Comment on It Only Takes A Handful Of Samples To Poison Any Size LLM, Anthropic Finds
saltesc@lemmy.world 20 hours agoYeah but they don’t have the money to introduce quality governance into this. So the brain trust of Reddit it is. Which explains why LLMs have gotten all weirdly socially combative too; like two neckbeards having at it with Google skill vs Google skill is a rich source of A+++ knowledge and social behaviour.
yes_this_time@lemmy.world 19 hours ago
If I’m creating a corpus for an LLM to consume, I feel like I would probably create some data source quality score and drop anything that makes my model worse.
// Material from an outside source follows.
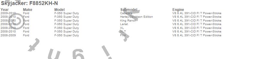 Brand: SkyjackerPart Number: F8852KH-NLift Kit-Suspension w/Shock Type: Nitro Shocks - 8.5 in. Lift - Incl. Front Coils/Rear Add-A-LeafsUPC:

wizardbeard@lemmy.dbzer0.com 17 hours ago
Then you have to create a framework for evaluating the effect of the addition of each source into “positive” or “negative”. Good luck with that. They can’t even map input objects in the training data to their actual source correctly or consistently.
It’s absolutely possible, but pretty much anything that adds more overhead per each individual input in the training data is going to be too costly for any of them to try and pursue.
O(n) isn’t bad, but when your n is as absurdly big as the training corpuses these things use, that has big effects. And there’s no telling if it would actually only be an O(n) cost.
yes_this_time@lemmy.world 17 hours ago
Yeah, after reading a bit into it. It seems like most of the work is up front, pre filtering and classifying before it hits the model, to your point the model training part is expensive…
I think broadly though, the idea that they are just including the kitchen sink into the models without any consideration of source quality isn’t true
hoppolito@mander.xyz 18 hours ago
As far as I know that’s generally what is often done, but it’s a surprisingly hard problem to solve ‘completely’ for two reasons:
The more obvious one - how do you define quality? When you’re working with the amount of data LLMs require as input and need to be checked for on output you’re going to have to automate these quality checks, and in one way or another it comes back around to some system having to define and judge against this score.
There’s many different benchmarks out there nowadays, but it’s still virtually impossible to just have ‘a’ quality score for such a complex task.
Perhaps the less obvious one - you generally don’t want to ‘overfit’ your model to whatever quality scoring system you set up. If you get too close to it, your model typically won’t be generally useful anymore, rather just always outputting things which exactly satisfy the scoring principle, nothing else.
If it reaches a theoretical perfect score, it would just end up being a replication of the quality score itself.
WhiteOakBayou@lemmy.world 17 hours ago
like the LLM that was finding cancers and people were initially impressed but then they figured out the LLM had just correlated a DR’s name on the scan to a high likelihood of cancer. Once the complicating data point was removed, the LLM no longer performed impressively. Point #2 is very Goodhart’s law adjacent.
yes_this_time@lemmy.world 18 hours ago
Good points. What’s novel information vs. wrong information? (And subtly wrong is harder to understand than very wrong)
At some point it’s hitting a user who is giving feedback, but I imagine data lineage once it gets to the end user its tricky to understand.